Multi-camera infrared thermography for infant respiration monitoring.

作者信息

Lorato Ilde, Stuijk Sander, Meftah Mohammed, Kommers Deedee, Andriessen Peter, van Pul Carola, de Haan Gerard

机构信息

Department of Electrical Engineering, Eindhoven University of Technology, Eindhoven, The Netherlands.

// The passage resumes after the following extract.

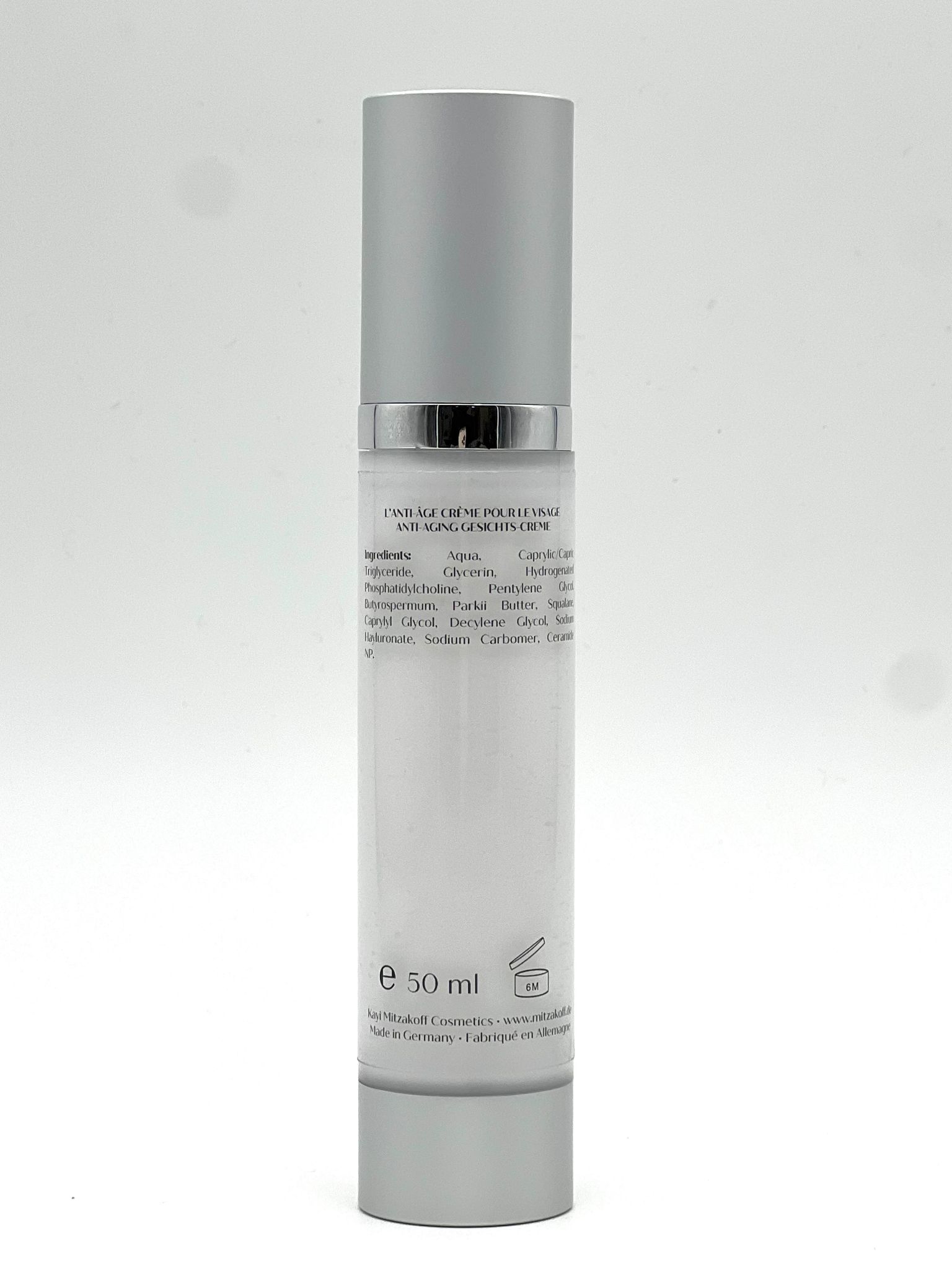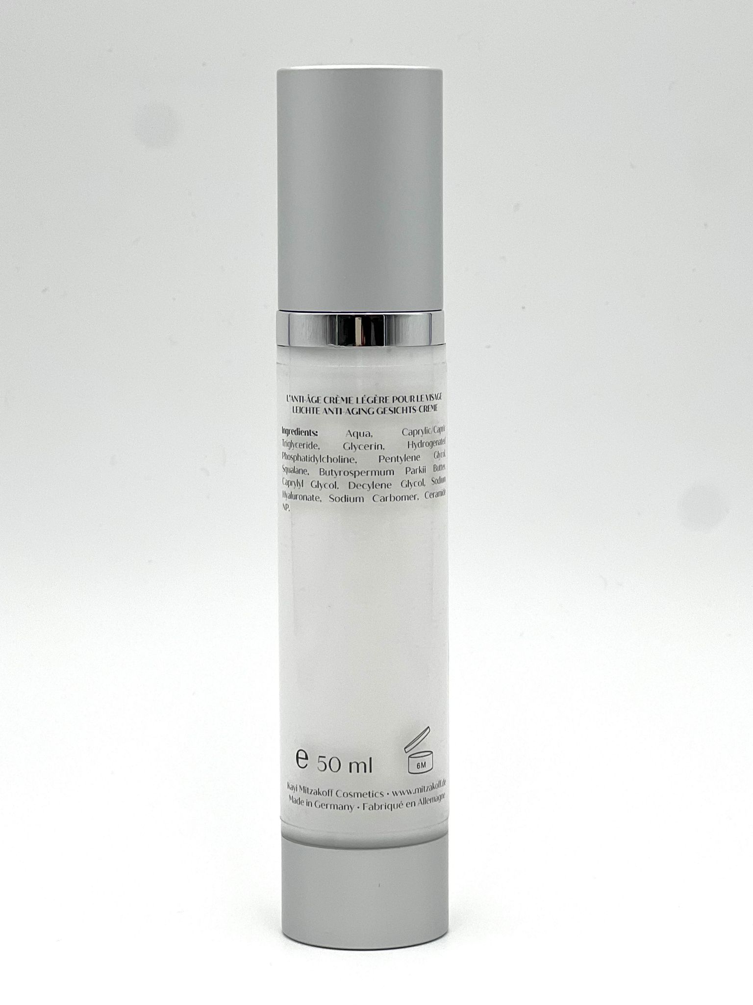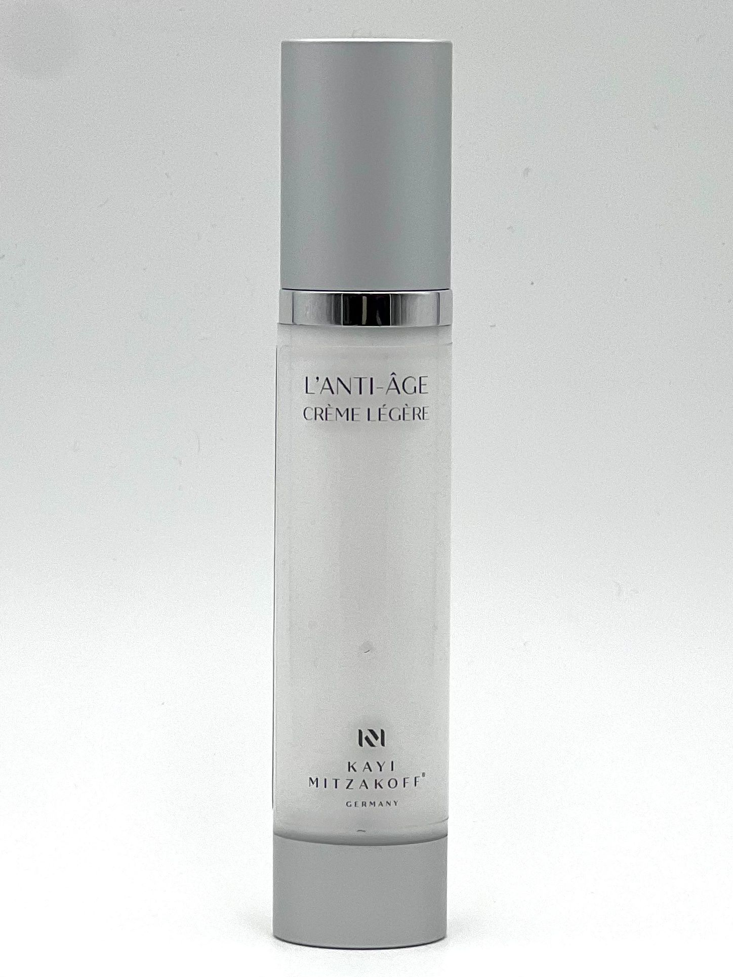 L’ANTI-ÂGE CRÈME LÉGÈRE von Kayi Mitzakoff – leichte Anti-Aging Creme zur Zell-Wiederbelebung, speziell für fettige und sensible Haut. Sorgt für geschmeidige, revitalisierte Haut ohne zu beschweren. Dermatologisch getestet, parabenfrei und tierversuchsfrei.

Department of Family Care Solutions, Philips Research, Eindhoven, The Netherlands.

出版信息

Biomed Opt Express. 2020 Aug 3;11(9):4848-4861. doi: 10.1364/BOE.397188. eCollection 2020 Sep 1.

DOI:10.1364/BOE.397188
PMID:33014585
原文链接:https://pmc.ncbi.nlm.nih.gov/articles/PMC7510882/
Abstract

Respiration is monitored in neonatal wards using chest impedance (CI), which is obtrusive and can cause skin damage to the infants. Therefore, unobtrusive solutions based on infrared thermography are being investigated. This work proposes an algorithm to merge multiple thermal camera views and automatically detect the pixels containing respiration motion or flow using three features. The method was tested on 152 minutes of recordings acquired on seven infants. We performed a comparison with the CI respiration rate yielding a mean absolute error equal to 2.07 breaths/min. Merging the three features resulted in reducing the dependency on the window size typical of spectrum-based features.

摘要

在新生儿病房中,使用胸部阻抗(CI)来监测呼吸,这种方法具有侵入性,可能会对婴儿皮肤造成损伤。因此,基于红外热成像的非侵入性解决方案正在被研究。这项工作提出了一种算法,用于合并多个热成像相机视图,并使用三个特征自动检测包含呼吸运动或气流的像素。该方法在7名婴儿的152分钟记录上进行了测试。我们与CI呼吸率进行了比较,平均绝对误差为2.07次/分钟。合并这三个特征减少了对基于频谱特征典型窗口大小的依赖。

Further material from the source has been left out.